§ Exercise: Restate the listing in full, keeping every word as it is.

§ Material provided:
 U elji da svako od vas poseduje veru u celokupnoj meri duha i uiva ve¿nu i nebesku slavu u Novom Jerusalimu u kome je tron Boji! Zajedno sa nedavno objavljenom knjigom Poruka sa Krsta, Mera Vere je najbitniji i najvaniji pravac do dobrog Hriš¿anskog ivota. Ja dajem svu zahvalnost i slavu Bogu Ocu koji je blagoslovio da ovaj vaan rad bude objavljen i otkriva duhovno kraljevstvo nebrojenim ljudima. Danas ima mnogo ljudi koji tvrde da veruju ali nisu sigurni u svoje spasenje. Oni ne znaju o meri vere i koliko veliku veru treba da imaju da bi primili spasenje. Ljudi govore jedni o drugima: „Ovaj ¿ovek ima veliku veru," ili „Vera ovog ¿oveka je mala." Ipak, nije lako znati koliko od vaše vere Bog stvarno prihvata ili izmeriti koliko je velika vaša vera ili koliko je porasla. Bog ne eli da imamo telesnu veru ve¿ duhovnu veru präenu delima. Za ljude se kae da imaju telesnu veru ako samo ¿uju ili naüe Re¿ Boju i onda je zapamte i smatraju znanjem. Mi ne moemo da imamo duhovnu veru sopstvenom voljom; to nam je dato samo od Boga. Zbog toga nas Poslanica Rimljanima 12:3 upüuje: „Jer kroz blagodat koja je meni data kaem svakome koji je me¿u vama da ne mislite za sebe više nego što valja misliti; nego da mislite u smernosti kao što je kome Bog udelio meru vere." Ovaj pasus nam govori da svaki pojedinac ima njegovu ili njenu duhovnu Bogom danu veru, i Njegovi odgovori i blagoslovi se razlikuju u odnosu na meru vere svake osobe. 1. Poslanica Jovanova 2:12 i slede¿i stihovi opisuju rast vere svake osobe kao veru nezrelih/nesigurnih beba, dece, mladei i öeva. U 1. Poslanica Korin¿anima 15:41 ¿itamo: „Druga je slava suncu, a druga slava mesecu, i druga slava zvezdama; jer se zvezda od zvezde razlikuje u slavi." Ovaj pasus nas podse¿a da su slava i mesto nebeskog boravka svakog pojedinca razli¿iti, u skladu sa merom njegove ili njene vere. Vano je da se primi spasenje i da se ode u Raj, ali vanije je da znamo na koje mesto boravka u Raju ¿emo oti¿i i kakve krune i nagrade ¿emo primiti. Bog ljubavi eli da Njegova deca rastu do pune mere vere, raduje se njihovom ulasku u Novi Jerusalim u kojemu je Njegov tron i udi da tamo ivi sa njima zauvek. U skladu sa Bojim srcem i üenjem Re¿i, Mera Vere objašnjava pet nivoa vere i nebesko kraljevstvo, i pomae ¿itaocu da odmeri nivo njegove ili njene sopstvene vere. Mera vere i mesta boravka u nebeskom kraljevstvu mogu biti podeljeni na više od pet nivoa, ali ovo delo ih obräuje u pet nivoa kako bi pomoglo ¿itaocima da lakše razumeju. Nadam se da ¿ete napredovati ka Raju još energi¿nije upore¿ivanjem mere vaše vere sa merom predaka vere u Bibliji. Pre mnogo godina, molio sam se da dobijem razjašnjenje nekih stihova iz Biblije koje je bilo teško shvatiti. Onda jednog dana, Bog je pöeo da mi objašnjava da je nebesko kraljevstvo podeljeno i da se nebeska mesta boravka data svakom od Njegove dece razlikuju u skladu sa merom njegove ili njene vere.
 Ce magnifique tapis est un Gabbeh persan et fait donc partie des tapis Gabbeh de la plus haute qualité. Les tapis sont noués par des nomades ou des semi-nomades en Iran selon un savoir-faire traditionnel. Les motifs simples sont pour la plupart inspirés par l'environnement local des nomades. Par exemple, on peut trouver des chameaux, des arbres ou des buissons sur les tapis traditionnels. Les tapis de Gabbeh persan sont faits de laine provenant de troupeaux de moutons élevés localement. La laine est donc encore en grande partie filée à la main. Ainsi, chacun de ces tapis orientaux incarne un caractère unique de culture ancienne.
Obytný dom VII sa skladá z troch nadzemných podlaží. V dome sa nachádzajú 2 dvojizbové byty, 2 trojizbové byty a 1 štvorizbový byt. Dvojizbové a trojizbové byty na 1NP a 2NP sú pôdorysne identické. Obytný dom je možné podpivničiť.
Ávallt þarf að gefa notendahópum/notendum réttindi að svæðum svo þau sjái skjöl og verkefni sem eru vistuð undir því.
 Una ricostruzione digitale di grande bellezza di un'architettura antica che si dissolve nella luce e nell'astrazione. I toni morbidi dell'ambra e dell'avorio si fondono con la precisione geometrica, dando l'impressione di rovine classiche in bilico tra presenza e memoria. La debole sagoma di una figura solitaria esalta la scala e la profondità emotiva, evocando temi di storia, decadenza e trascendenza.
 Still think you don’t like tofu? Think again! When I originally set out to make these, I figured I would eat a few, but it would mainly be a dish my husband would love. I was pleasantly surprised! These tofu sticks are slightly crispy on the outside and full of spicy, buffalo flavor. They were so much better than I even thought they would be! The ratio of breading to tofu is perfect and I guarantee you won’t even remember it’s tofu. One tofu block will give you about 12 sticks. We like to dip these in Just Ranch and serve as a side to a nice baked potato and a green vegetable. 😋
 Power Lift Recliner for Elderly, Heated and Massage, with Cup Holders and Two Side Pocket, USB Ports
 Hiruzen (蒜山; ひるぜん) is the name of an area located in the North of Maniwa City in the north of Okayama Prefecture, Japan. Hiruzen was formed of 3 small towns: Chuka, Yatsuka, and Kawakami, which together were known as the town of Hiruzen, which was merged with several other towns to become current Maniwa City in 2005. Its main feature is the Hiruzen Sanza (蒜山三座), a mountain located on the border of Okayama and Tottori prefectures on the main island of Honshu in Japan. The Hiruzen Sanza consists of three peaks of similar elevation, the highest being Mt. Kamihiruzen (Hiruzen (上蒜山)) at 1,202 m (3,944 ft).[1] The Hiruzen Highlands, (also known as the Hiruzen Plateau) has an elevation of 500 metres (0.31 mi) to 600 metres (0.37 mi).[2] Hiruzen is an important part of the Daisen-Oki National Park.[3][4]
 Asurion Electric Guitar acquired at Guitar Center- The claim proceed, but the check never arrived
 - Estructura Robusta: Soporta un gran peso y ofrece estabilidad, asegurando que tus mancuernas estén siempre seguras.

§ Answer area:
 U elji da svako od vas poseduje veru u celokupnoj meri duha i uiva ve¿nu i nebesku slavu u Novom Jerusalimu u kome je tron Boji! Zajedno sa nedavno objavljenom knjigom Poruka sa Krsta, Mera Vere je najbitniji i najvaniji pravac do dobrog Hriš¿anskog ivota. Ja dajem svu zahvalnost i slavu Bogu Ocu koji je blagoslovio da ovaj vaan rad bude objavljen i otkriva duhovno kraljevstvo nebrojenim ljudima. Danas ima mnogo ljudi koji tvrde da veruju ali nisu sigurni u svoje spasenje. Oni ne znaju o meri vere i koliko veliku veru treba da imaju da bi primili spasenje. Ljudi govore jedni o drugima: „Ovaj ¿ovek ima veliku veru," ili „Vera ovog ¿oveka je mala." Ipak, nije lako znati koliko od vaše vere Bog stvarno prihvata ili izmeriti koliko je velika vaša vera ili koliko je porasla. Bog ne eli da imamo telesnu veru ve¿ duhovnu veru präenu delima. Za ljude se kae da imaju telesnu veru ako samo ¿uju ili naüe Re¿ Boju i onda je zapamte i smatraju znanjem. Mi ne moemo da imamo duhovnu veru sopstvenom voljom; to nam je dato samo od Boga. Zbog toga nas Poslanica Rimljanima 12:3 upüuje: „Jer kroz blagodat koja je meni data kaem svakome koji je me¿u vama da ne mislite za sebe više nego što valja misliti; nego da mislite u smernosti kao što je kome Bog udelio meru vere." Ovaj pasus nam govori da svaki pojedinac ima njegovu ili njenu duhovnu Bogom danu veru, i Njegovi odgovori i blagoslovi se razlikuju u odnosu na meru vere svake osobe. 1. Poslanica Jovanova 2:12 i slede¿i stihovi opisuju rast vere svake osobe kao veru nezrelih/nesigurnih beba, dece, mladei i öeva. U 1. Poslanica Korin¿anima 15:41 ¿itamo: „Druga je slava suncu, a druga slava mesecu, i druga slava zvezdama; jer se zvezda od zvezde razlikuje u slavi." Ovaj pasus nas podse¿a da su slava i mesto nebeskog boravka svakog pojedinca razli¿iti, u skladu sa merom njegove ili njene vere. Vano je da se primi spasenje i da se ode u Raj, ali vanije je da znamo na koje mesto boravka u Raju ¿emo oti¿i i kakve krune i nagrade ¿emo primiti. Bog ljubavi eli da Njegova deca rastu do pune mere vere, raduje se njihovom ulasku u Novi Jerusalim u kojemu je Njegov tron i udi da tamo ivi sa njima zauvek. U skladu sa Bojim srcem i üenjem Re¿i, Mera Vere objašnjava pet nivoa vere i nebesko kraljevstvo, i pomae ¿itaocu da odmeri nivo njegove ili njene sopstvene vere. Mera vere i mesta boravka u nebeskom kraljevstvu mogu biti podeljeni na više od pet nivoa, ali ovo delo ih obräuje u pet nivoa kako bi pomoglo ¿itaocima da lakše razumeju. Nadam se da ¿ete napredovati ka Raju još energi¿nije upore¿ivanjem mere vaše vere sa merom predaka vere u Bibliji. Pre mnogo godina, molio sam se da dobijem razjašnjenje nekih stihova iz Biblije koje je bilo teško shvatiti. Onda jednog dana, Bog je pöeo da mi objašnjava da je nebesko kraljevstvo podeljeno i da se nebeska mesta boravka data svakom od Njegove dece razlikuju u skladu sa merom njegove ili njene vere.
 Ce magnifique tapis est un Gabbeh persan et fait donc partie des tapis Gabbeh de la plus haute qualité. Les tapis sont noués par des nomades ou des semi-nomades en Iran selon un savoir-faire traditionnel. Les motifs simples sont pour la plupart inspirés par l'environnement local des nomades. Par exemple, on peut trouver des chameaux, des arbres ou des buissons sur les tapis traditionnels. Les tapis de Gabbeh persan sont faits de laine provenant de troupeaux de moutons élevés localement. La laine est donc encore en grande partie filée à la main. Ainsi, chacun de ces tapis orientaux incarne un caractère unique de culture ancienne.
Obytný dom VII sa skladá z troch nadzemných podlaží. V dome sa nachádzajú 2 dvojizbové byty, 2 trojizbové byty a 1 štvorizbový byt. Dvojizbové a trojizbové byty na 1NP a 2NP sú pôdorysne identické. Obytný dom je možné podpivničiť.
Ávallt þarf að gefa notendahópum/notendum réttindi að svæðum svo þau sjái skjöl og verkefni sem eru vistuð undir því.
 Una ricostruzione digitale di grande bellezza di un'architettura antica che si dissolve nella luce e nell'astrazione. I toni morbidi dell'ambra e dell'avorio si fondono con la precisione geometrica, dando l'impressione di rovine classiche in bilico tra presenza e memoria. La debole sagoma di una figura solitaria esalta la scala e la profondità emotiva, evocando temi di storia, decadenza e trascendenza.
 Still think you don’t like tofu? Think again! When I originally set out to make these, I figured I would eat a few, but it would mainly be a dish my husband would love. I was pleasantly surprised! These tofu sticks are slightly crispy on the outside and full of spicy, buffalo flavor. They were so much better than I even thought they would be! The ratio of breading to tofu is perfect and I guarantee you won’t even remember it’s tofu. One tofu block will give you about 12 sticks. We like to dip these in Just Ranch and serve as a side to a nice baked potato and a green vegetable. 😋
 Power Lift Recliner for Elderly, Heated and Massage, with Cup Holders and Two Side Pocket, USB Ports
 Hiruzen (蒜山; ひるぜん) is the name of an area located in the North of Maniwa City in the north of Okayama Prefecture, Japan. Hiruzen was formed of 3 small towns: Chuka, Yatsuka, and Kawakami, which together were known as the town of Hiruzen, which was merged with several other towns to become current Maniwa City in 2005. Its main feature is the Hiruzen Sanza (蒜山三座), a mountain located on the border of Okayama and Tottori prefectures on the main island of Honshu in Japan. The Hiruzen Sanza consists of three peaks of similar elevation, the highest being Mt. Kamihiruzen (Hiruzen (上蒜山)) at 1,202 m (3,944 ft).[1] The Hiruzen Highlands, (also known as the Hiruzen Plateau) has an elevation of 500 metres (0.31 mi) to 600 metres (0.37 mi).[2] Hiruzen is an important part of the Daisen-Oki National Park.[3][4]
 Asurion Electric Guitar acquired at Guitar Center- The claim proceed, but the check never arrived
 - Estructura Robusta: Soporta un gran peso y ofrece estabilidad, asegurando que tus mancuernas estén siempre seguras.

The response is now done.